Los pecados capitales
BALONCESTO

Los pecados capitales

Este fin de semana recibimos a Barakaldo, uno de los grandes aspirantes a meterse en los play-off de pelea por el título y con gente muy experimentada en grandes categorías del baloncesto español.

En la primera parte sacamos a relucir todos nuestros pecados. Poco movimiento de balón, tiros forzados por no generar opciones, egoísmo y pereza totales en defensa, en la cual no pudimos presionar a tope “porque me rompe”, y esa ayuda que debería venir de tus compañeros nunca llega.

En vez de que esa ira que estaba naciendo en nosotros nos pusiese las pilas para ponerle más intensidad cada vez y morder en defensa, lo pagamos entre nosotros. Malas caras, reproches, contestaciones, protestas cada vez que me voy al banquillo…

Después de dos parciales de 7-17 y 8-15 (15-32 en el conteo del marcador al descanso) nos fuimos a los vestuarios. Literalmente. No era momento de una bronca monumental ni de echarles cuatro gritos para ponerles las pilas; era momento de hablar, de calmarse; tomar una bocanada de aire y darse cuenta de que haciendo la guerra cada uno por su cuenta no vamos a ningún lado, que no pasa nada por perder un partido y sí por dar una imagen equivocada del grupo. Perder partidos no puede romper el ambiente en el que los propios jugadores han dicho que se sienten cómodos, nuevos y veteranos.

Salimos al campo y la cara del equipo, al menos vista desde dentro, fue otra. La defensa funcionaba mejor y en ataque igualamos en el tercer parcial la suma de los dos anteriores. Había más comunicación y menos gritos y logramos sacar una buena cantidad de faltas. El resultado final de 39-63 no fue tan abultado como podría haber sido de seguir como en la primera parte.

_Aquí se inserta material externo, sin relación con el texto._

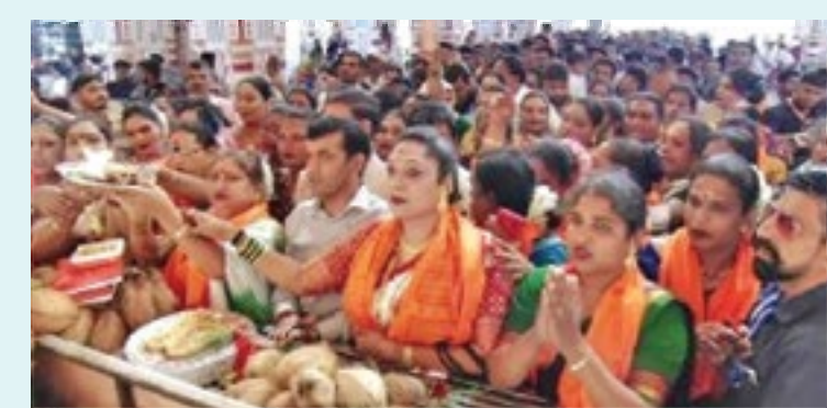
सार्वजनिक गणपती ट्रस्ट, सुवर्णयुग मंगलमुखी किन्नर चॅरिटेबल ट्रस्ट मधील तरुण मंडळ तर्फे १३२ व्या वर्षी आयोजित गणेशोत्सवात गणेश पेठेतील

पुणे : सामान्य स्त्री-पुरुषांप्रमाणेच समाजातील महत्त्वाचा मात्र बाजूला असलेला घटक म्हणजे तृतीयपंथी. गणपती बाप्पाच्या भेटीची ओढ जशी सामान्य भक्ताला असते, तशी या तृतीयपंथीच्या मनातील बाप्पाच्या भेटीची ओढ आज दगडूशेठ गणपतीसमोर पहायला मिळाली. विविधांगी अलंकारांनी सजून आपल्या पारंपरिक वेशभूषेत तृतीयपंथीयांनी दगडूशेठ गणपतीचे मनोभावे दर्शन घेत आरतीही केली.
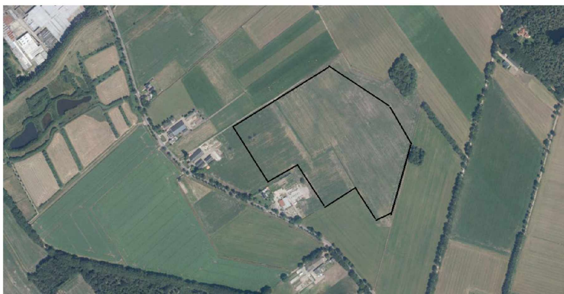
Figuur 1: Planlocatie Zonnepark Beeksedijk
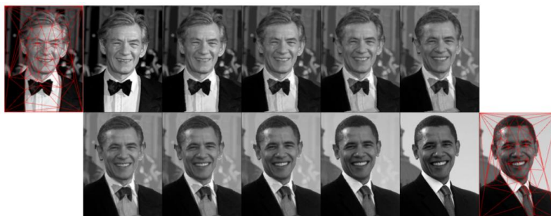
Figura 1. A imagem inicial I_i com a respectiva malha está acima à esquerda. A imagem final I_f com sua malha está abaixo à direita. As outras imagens são os morfismos obtidos. Utilizou-se a linguagem Python de maneira que os processos gerem paralelamente uma quantidade determinada de morfismos.

serial e o tempo de execução paralelo) foi usada para medir o desempenho da implementação proposta na qual um determinado número de imagens de morfismo é construída por processo. A série de imagens obtidas em um dos experimentos é exibida na Figura 1. Calculou-se o grau de correlação entre os pares de imagens através do Coeficiente de Pearson. O desempenho da implementação é exibido no gráfico na Figura 2.
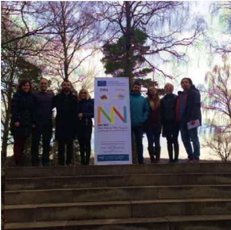
El equipo completo al final del día- entrega de certificados y foto de despedida.
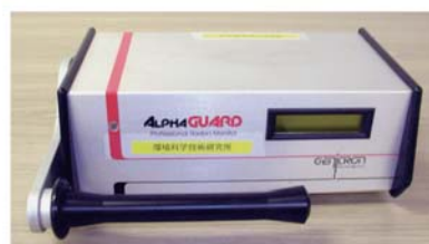
通気型電離箱 (アルファガード) (ラドン濃度のリアルタイム測定)
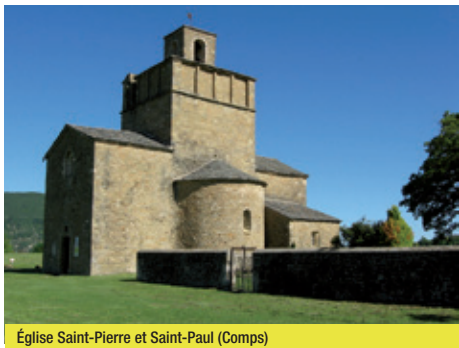
Église Saint-Pierre et Saint-Paul (Comps)

l'exil des protestants). Vous passerez à proximité de l'imposant château privé de Comps et de l'église romane aux proportions atypiques. Vous redescendrez ensuite en sous-bois vers Dieulefit.
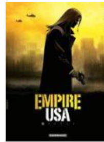
Empire USA (reeks) bestaande uit 2 seizoenen van 6 delen
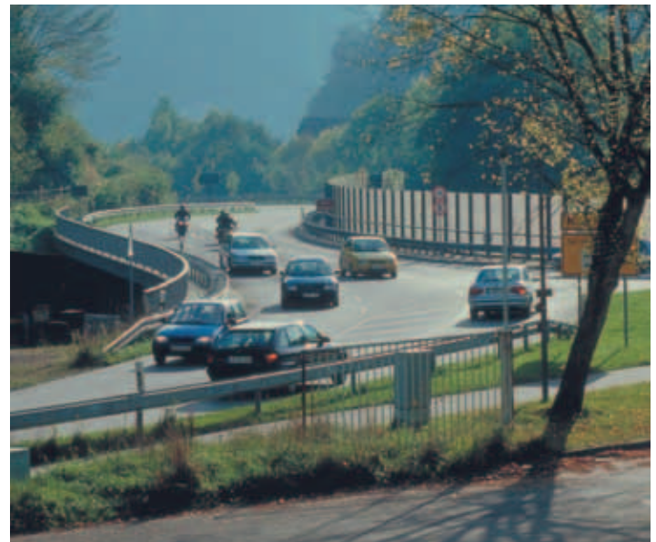
B 317, Einfahrt Zell-Nord
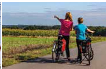
Auf nach Bremen
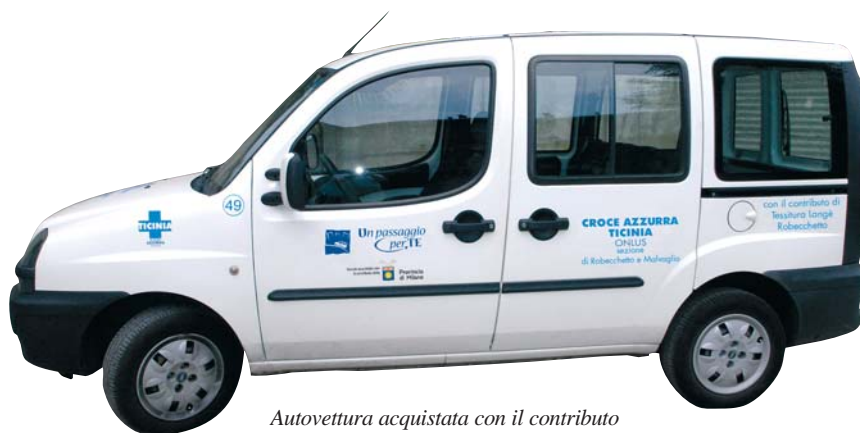
Autovettura acquistata con il contributo provinciale sul bando "Un passaggio per te".

Per il prossimo anno 2009 è prevista la sostituzione dell'autovettura donata da TRC Candiani.
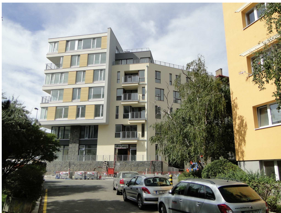
Rezidence U Roháčových kasáren

Informace na stránkách: http://www.akroreal.com/nabidka-bytu .
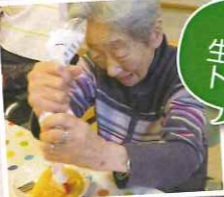
いちごと生クリームをトッピング☆

HEARTFULL 人と人のハートを大切に ハートフルグループ 令和2年度 冬号 第109号

En cuanto a temas extradeportivos, y esto no lo volveré a hacer, solamente destacar que la actitud del principal para con ambos equipos fue vergonzosamente dispar. Una actuación así solamente empaña la merecida victoria de un equipo que estará en la lucha por la liga. Envalentonarse y contestar mal, o no contestar, cuando el que te reclama es un chavalín joven es muy sencillo pero… ¡ay de mí si me reclama un veterano! Entonces toda la soberbia se queda en un rincón, que para eso es un pecado capital.